- Directed cell migration plays an important role in embryonic development, wound healing, angiogenesis, immune response, cancer invasion and metastasis. Dynamic reorganization of actin cytoskeleton, a key aspect of cell migration, is regulated by the concerted actions of various classes of actin-binding proteins (ABPs), and some of these ABPs are fundamental drivers of actin-based cell motility. Altered expressions and activities of fundamental drivers of cell migration are correlated with aberrant cell motility in pathologic scenarios. Our main research interests are to: a) gain novel insights on how dysregulation of fundamental drivers of cell migration contributes to metastatic progression of solid cancers and pathological angiogenesis; and b) develop translational strategies exploiting the pathways of dysregulation as a means to suppress metastatic phenotype of cancer cells and angiogenesis-dependent pathology.

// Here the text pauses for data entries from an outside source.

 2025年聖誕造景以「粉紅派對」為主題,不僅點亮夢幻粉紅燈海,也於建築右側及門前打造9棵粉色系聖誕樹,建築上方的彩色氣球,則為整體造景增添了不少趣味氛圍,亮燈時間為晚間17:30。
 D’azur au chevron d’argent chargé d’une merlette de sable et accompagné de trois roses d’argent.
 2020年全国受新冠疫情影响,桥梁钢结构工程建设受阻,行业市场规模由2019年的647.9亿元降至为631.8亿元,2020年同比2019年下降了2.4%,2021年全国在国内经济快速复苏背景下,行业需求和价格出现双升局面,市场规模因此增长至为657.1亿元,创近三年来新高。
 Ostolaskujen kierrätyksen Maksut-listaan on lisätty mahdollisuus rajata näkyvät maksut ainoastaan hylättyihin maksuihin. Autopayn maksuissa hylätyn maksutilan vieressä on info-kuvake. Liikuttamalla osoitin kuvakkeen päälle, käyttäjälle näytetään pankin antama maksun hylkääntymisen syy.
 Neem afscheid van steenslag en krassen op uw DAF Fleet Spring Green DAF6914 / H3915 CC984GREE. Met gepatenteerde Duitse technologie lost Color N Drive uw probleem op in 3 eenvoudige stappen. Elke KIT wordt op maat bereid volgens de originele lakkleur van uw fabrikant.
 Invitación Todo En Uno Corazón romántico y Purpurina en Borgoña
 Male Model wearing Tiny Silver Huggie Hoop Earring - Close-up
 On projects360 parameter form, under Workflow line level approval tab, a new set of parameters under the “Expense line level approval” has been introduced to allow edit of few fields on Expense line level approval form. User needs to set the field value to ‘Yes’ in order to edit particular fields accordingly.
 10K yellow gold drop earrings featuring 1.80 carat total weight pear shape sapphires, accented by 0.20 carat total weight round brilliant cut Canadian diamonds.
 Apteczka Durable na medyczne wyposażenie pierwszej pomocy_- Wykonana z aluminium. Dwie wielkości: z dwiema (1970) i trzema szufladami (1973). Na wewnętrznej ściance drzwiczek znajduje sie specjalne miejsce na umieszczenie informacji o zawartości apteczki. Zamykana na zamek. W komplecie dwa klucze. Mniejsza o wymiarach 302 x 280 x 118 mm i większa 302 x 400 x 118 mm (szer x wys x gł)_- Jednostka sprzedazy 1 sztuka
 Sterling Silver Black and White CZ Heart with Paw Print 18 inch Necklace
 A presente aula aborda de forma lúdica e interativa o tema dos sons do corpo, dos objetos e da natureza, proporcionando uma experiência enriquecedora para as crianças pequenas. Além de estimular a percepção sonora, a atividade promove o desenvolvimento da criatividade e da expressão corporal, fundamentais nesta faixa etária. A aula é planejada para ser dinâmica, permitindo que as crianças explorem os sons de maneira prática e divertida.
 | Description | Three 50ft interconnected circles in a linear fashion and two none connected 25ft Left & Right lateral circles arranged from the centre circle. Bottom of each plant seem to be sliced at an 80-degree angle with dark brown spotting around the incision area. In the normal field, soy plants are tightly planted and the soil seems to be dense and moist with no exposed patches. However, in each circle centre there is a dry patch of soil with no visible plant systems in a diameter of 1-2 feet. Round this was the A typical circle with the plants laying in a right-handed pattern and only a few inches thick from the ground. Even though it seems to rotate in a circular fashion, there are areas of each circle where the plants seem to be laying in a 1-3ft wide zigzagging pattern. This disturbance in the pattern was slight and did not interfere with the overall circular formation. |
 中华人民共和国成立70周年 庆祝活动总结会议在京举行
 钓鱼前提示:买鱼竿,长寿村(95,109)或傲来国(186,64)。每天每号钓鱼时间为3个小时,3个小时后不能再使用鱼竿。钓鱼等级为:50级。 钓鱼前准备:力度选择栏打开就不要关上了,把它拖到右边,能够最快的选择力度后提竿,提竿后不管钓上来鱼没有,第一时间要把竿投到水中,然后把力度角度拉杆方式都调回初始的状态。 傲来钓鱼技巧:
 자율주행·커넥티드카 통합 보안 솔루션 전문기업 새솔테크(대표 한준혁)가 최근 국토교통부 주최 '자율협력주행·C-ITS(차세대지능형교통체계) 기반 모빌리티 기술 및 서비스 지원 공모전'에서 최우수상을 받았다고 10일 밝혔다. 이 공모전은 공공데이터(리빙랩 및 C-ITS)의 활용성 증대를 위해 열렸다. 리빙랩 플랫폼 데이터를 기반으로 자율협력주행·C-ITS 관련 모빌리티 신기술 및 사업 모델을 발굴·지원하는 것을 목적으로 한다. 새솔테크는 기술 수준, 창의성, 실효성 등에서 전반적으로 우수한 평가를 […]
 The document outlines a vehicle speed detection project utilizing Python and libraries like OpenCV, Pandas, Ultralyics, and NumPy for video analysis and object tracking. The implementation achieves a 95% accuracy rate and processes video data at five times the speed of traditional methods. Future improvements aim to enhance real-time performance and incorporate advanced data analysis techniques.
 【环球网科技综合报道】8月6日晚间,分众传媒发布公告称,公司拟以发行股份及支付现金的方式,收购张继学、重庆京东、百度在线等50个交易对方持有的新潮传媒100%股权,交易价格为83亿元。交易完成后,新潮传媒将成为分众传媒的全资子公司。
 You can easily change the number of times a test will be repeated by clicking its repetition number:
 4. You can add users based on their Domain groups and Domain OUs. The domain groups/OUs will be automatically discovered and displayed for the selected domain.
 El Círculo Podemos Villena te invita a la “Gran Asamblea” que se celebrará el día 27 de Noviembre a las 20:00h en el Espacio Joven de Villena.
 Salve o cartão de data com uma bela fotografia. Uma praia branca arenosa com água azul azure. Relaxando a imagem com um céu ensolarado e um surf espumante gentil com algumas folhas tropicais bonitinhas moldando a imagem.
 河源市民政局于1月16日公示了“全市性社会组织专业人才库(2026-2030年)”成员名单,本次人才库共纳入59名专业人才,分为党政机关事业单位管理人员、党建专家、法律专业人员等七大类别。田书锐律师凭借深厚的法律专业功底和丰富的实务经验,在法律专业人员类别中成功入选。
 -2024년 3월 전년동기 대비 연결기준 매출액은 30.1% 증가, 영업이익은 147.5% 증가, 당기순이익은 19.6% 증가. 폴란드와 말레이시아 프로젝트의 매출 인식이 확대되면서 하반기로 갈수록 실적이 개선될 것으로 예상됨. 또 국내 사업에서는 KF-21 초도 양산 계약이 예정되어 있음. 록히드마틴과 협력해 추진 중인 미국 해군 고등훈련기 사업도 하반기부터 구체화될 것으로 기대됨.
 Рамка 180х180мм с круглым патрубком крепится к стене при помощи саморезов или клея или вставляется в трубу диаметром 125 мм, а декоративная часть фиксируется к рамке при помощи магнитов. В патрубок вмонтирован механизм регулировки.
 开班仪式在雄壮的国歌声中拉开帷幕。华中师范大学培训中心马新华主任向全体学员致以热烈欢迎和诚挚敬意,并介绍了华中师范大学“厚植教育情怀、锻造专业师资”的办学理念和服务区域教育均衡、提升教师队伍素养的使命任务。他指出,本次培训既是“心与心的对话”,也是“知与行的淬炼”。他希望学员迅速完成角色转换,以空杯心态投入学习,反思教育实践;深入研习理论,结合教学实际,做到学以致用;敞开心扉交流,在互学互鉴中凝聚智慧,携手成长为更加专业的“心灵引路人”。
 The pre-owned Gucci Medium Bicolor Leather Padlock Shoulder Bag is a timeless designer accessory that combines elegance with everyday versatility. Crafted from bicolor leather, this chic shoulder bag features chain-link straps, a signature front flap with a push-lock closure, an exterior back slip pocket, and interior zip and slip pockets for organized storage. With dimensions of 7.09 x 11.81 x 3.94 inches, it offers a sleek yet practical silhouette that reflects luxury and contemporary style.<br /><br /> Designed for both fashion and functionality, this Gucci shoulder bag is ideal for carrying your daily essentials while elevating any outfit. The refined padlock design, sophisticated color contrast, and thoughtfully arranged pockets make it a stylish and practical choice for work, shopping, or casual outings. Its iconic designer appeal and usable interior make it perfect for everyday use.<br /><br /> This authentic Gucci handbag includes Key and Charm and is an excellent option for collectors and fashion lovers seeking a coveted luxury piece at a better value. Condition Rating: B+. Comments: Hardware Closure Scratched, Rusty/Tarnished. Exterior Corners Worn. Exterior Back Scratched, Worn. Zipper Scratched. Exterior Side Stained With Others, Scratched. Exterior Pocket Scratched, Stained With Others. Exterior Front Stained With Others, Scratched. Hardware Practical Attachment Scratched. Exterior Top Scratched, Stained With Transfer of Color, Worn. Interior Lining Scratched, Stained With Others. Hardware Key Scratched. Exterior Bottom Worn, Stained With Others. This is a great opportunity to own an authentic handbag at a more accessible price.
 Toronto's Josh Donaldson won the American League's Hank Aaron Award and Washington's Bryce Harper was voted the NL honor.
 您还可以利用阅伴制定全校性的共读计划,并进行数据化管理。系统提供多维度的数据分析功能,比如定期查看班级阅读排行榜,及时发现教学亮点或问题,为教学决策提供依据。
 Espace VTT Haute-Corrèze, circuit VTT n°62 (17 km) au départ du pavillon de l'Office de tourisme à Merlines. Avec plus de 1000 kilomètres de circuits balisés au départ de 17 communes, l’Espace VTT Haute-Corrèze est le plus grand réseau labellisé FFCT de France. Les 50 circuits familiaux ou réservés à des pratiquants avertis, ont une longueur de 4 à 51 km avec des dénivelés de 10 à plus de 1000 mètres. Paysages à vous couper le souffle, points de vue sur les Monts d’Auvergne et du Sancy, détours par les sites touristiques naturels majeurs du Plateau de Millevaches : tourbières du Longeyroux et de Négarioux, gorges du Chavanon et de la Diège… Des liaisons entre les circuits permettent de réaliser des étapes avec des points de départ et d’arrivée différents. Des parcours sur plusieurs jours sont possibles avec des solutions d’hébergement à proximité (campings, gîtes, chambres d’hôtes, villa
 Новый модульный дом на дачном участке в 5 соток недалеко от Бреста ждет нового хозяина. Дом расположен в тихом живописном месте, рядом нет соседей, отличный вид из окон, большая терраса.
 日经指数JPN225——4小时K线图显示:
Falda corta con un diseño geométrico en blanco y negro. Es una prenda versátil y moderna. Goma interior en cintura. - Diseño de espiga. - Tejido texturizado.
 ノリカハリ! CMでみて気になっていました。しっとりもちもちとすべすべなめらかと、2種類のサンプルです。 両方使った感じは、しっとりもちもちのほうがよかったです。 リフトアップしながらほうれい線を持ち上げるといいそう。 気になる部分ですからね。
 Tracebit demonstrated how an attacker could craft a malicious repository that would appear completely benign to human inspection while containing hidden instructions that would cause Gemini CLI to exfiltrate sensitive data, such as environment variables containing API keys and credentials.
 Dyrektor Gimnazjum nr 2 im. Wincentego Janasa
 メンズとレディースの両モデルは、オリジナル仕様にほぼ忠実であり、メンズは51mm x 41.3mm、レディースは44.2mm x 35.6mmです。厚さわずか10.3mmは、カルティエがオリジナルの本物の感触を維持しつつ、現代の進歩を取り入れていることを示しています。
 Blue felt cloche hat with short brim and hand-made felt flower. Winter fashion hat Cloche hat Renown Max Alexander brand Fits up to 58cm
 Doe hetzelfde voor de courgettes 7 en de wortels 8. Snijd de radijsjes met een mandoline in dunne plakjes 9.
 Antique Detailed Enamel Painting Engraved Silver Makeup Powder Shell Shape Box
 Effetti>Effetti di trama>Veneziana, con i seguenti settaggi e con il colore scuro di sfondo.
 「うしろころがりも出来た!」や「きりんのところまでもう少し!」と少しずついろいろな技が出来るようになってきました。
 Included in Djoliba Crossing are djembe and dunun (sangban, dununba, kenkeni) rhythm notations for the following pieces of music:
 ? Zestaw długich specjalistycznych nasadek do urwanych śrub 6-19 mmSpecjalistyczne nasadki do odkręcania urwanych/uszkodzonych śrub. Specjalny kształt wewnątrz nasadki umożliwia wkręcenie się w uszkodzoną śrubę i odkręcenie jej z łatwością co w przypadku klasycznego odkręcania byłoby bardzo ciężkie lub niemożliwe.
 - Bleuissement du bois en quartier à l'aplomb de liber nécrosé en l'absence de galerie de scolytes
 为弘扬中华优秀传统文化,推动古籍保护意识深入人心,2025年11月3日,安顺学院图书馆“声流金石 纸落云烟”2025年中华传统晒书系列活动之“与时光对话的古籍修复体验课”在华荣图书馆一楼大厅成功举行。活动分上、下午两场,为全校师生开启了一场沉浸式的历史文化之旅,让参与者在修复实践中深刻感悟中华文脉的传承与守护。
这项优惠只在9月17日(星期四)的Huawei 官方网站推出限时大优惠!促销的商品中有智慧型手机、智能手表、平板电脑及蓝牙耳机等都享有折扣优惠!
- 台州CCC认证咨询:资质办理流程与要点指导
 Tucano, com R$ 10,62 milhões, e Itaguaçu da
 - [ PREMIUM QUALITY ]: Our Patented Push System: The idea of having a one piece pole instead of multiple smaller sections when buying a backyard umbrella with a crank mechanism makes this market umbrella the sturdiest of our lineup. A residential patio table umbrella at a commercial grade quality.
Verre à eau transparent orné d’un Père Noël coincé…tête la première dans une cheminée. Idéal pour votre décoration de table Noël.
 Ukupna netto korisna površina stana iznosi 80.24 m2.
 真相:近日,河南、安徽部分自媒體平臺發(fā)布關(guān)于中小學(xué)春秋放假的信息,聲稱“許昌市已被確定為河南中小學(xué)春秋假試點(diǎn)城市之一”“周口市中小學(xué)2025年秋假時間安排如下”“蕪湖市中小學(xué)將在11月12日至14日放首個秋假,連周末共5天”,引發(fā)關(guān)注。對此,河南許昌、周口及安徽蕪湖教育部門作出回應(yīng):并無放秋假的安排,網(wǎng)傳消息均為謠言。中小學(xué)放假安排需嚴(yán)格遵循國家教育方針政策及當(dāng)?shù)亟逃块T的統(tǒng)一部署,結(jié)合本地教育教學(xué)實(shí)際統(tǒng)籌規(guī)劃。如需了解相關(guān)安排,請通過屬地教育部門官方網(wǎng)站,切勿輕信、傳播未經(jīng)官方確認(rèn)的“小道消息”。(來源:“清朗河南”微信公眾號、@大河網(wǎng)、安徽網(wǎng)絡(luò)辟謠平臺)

- Post-translational modification plays a crucial role in regulating protein activities. We are exploring novel post-translational modifications of ABPs and how they impact protein function and actin-dependent biological processes.
For these studies, we utilize a variety of experimental approaches including mammary gland related techniques, RNAi, 2D gel electrophoresis, mouse models of tumor metastasis (gene knockout and tumor xenografts), in vitro and in vivo angiogenesis assays, time-lapse imaging and small molecule screening.